■ **What is being asked**: Pictures appear among the records below and must be omitted. Repeat exactly the lines from the line with "Oju (1). Oil on board, 2012. 123 x 82 cm" to the line with "Figure 1. Sample CMOS-8 Packages", both included.

(Stored data)
══════════════════════════════

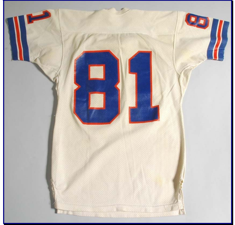
Figs. 79-8 & 79-9. Front and rear of circa 1979 road jersey (S. Watson). Note: nameplate removed.
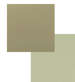
FRENCH BEIGE VINYL BEIGE FRAME [N1201]
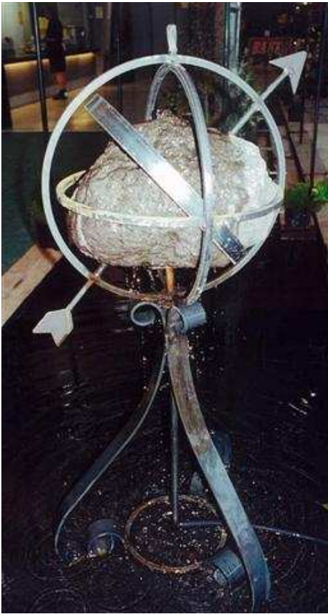
600mm raw water feature sphere and base
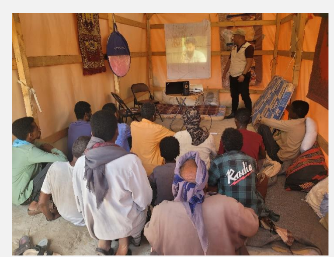
Acted CFM Awarness in Al-Ada'en Site, Ad Dali
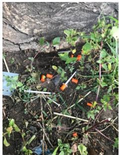
Needles left by illegal campers
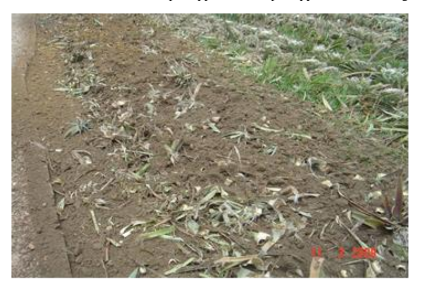
Figure 10. Chopped into small pieces but only separated into a few large parts.

Figure 9. Fine and fibrous material pineapple residues pineapple residues management.
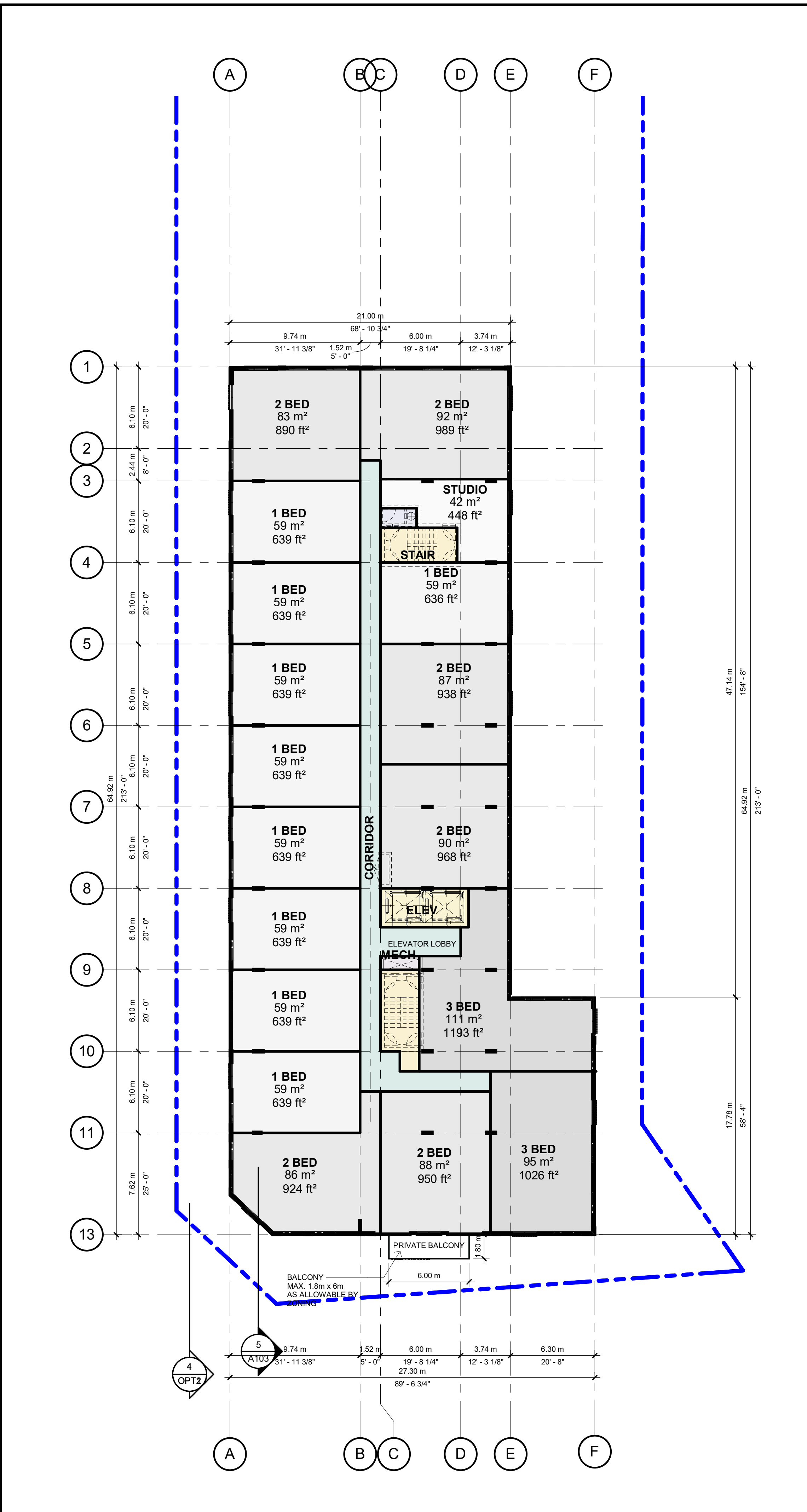
2 2nd TO 4th FLOOR PLAN (TYPICAL) A100 1 : 200

C:\Users\mjiang\Documents\121027 - 1303 Lakeshore MISS - Bulding - 2023.02.07 - mcs@chamberlainipd.com
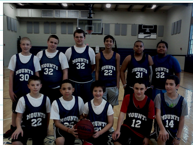
2011-12 Mounts seventh grade boys' basketball team.
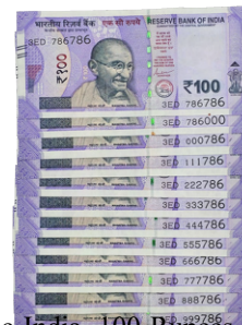
Lot: 602 Paper Money, Republic India, 100 Rupees, Set of 40 Notes, Fancy Number, 100000 to 1000000, 00001 to 000010, 111111 to 999999, 786786, 786000, 000786, 111786, 222786, 333786, 444786, 555786, 666786, 777786, 888786, 999786, 000687, 123456, 654321, 000108, 000143, 000541, 000420, 000214, 000916, All Notes Same Prefix, Signed By Shaktinath Das.
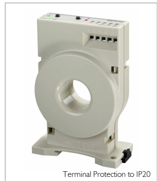
Terminal Protection to IP20
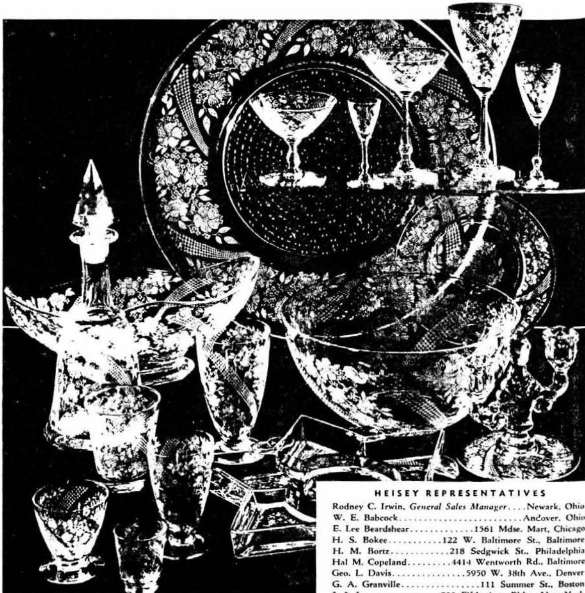
Among the many beautiful pieces shown above, all with the "NORMANDIE" (No. 480) Etching, are; Nos. 3389 Sherbet, Wine, Champagne, Cordial, Goblet, Oyster Cocktail and Cocktail; 1476 Torque Plate, 1429 Floral Bowl, 4035 Decanter, 4056 Salad Bowl, 1184 Plate, 5 and 12 ounce sodas, 2401 Old Fashioned, 1466 Relish and 134 Candle Stick. At the New York Show, Heisey will exhibit in Rooms 654 and 656, Pennsylvania Hotel. At the Chicago Show, 1560-61 Merchandise Mart.
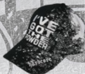
CAP ART.NR.: 330-C21-050 SIZE: ONE SIZE
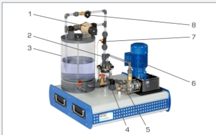
1 overflow valve, 2 pressure sensor at outlet, 3 water tank, 4 air vessel, 5 piston pump, 6 motor, 7 flow meter, 8 needle valve for adjusting the flow rate
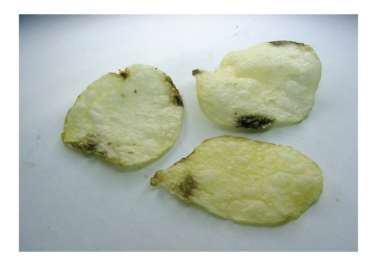
Figure 6. Internal Blackspot as seen on a potato chip.

tifying IBS and pressure bruising is caused by melanin, a pigment formed in the phenolic reaction. (Note: This is the same pigment that darkens human skin). As with pressure bruising, susceptibility to IBS is related to tuber dehydration or firmness. Tuber firmness may be inversely related to the amount of dry matter in the tuber, thereby making tubers with higher solids more susceptible to IBS than those with lower solids. Tubers should be harvested when their internal temperature is above 45° F and less than 65° F. Also, harvesting when the soil is moist helps minimize the occurrence of damage.
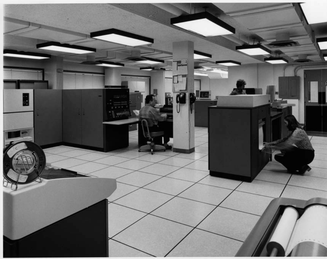
UVic Computer Centre, February 1974.
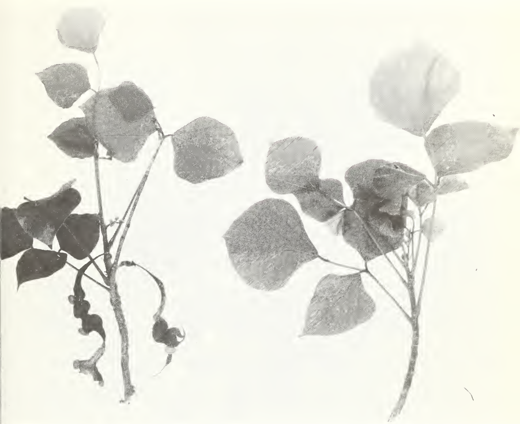
Figure 26.—Edible leaves and ripe pods of Erythrina berteroana , dwarf bucare.
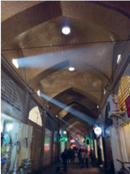
[Fig. 8] Isfahan Bazaar.
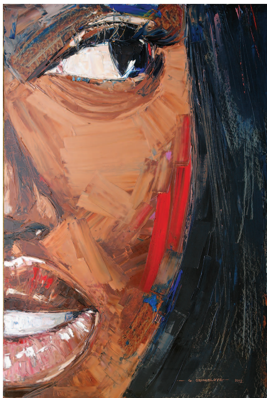
Oju (1). Oil on board, 2012. 123 x 82 cm
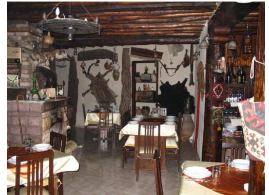
Sille Konak Restaurant

☐ 5:00 p.m.: Bus to Çatalhöyük, archaeological dig at the site of the oldest known civilization which dates back at least 8,000 years! Visit
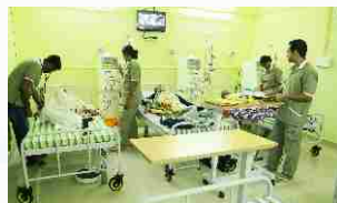
Medical Trust Hospital, Kulanada, Cont: +91 8281469684
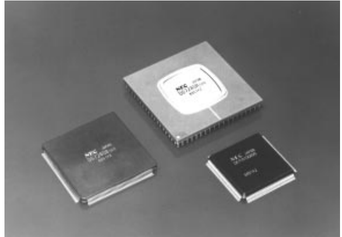
Figure 1. Sample CMOS-8 Packages

Optionally these devices can be powered at 3.3V \pm 0.3V . Also available are 5V libraries characterized at commercial conditions of 5V \pm 5\% and T_j = 0-100^\circ C (CMOS-8T).
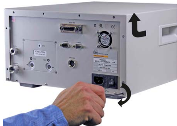
Figure 1: Removing the PPC4 Chassis Cover

Insert a 6 mm diameter round screwdriver into the hole marked "Release Tab" on the feet and pry inward. The feet will snap off (See Figure 2).
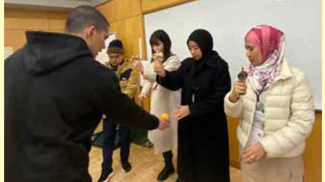
Kendama experience under the guidance of an instructor (December 2)
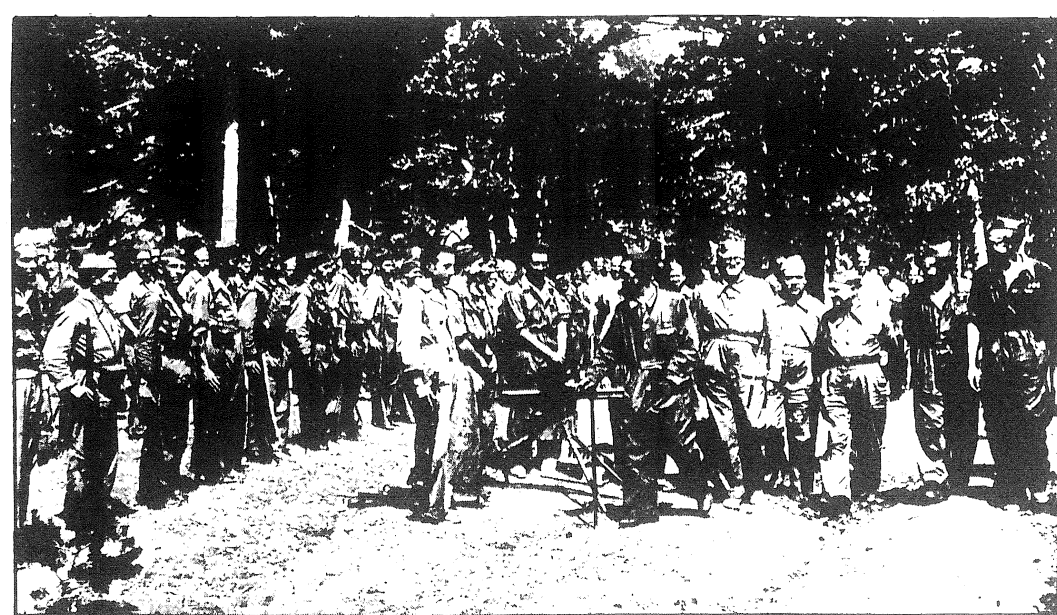
Republican troops reviewed by Socialist politicians during Civil War. Revolutionary proletariat showed tremendous strength and heroism but leadership betrayals via Popular Front opened door to Franco victory.

The monarchy, one of the most insidious feudal relics, must be through their entry into the Popular completely eliminated. In its place the
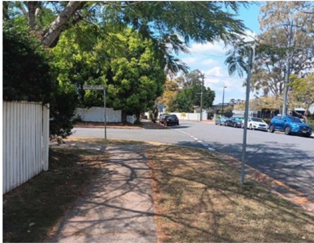
Gray Avenue, Brisbane City Council pre-construction

The project provides benefits for all road users at the intersection, in particular pedestrian access and safety, making the crossing task easier while encouraging students and pedestrians to cross at a designated location and promoting slower vehicle movements.
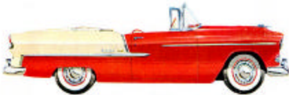
THE BEL AIR CONVERTIBLE
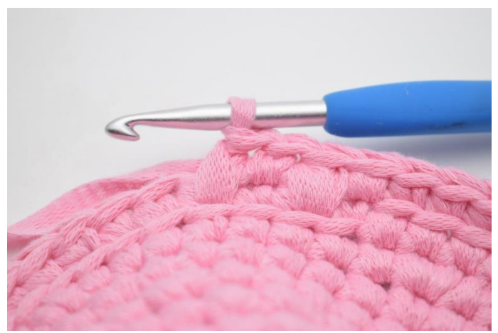
10. Like this.
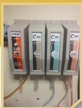
大量購買可自然分解的補充裝清潔劑，節省膠樽。 Bulk purchase of refillable bio-degradable detergents to reduce the use of plastic bottles.
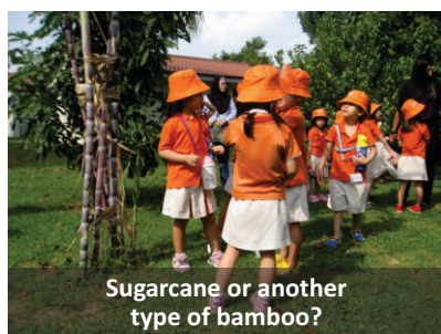
Sugarcane or another type of bamboo?

My First Skool getting to know the trees and plants in our compound.
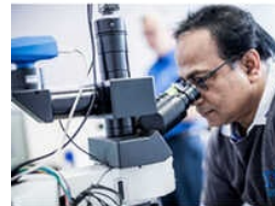
Metallography Testing Services

══════════════════════════════

■ **Solution to the exercise**:
Oju (1). Oil on board, 2012. 123 x 82 cm
Sille Konak Restaurant

☐ 5:00 p.m.: Bus to Çatalhöyük, archaeological dig at the site of the oldest known civilization which dates back at least 8,000 years! Visit
Medical Trust Hospital, Kulanada, Cont: +91 8281469684
Figure 1. Sample CMOS-8 Packages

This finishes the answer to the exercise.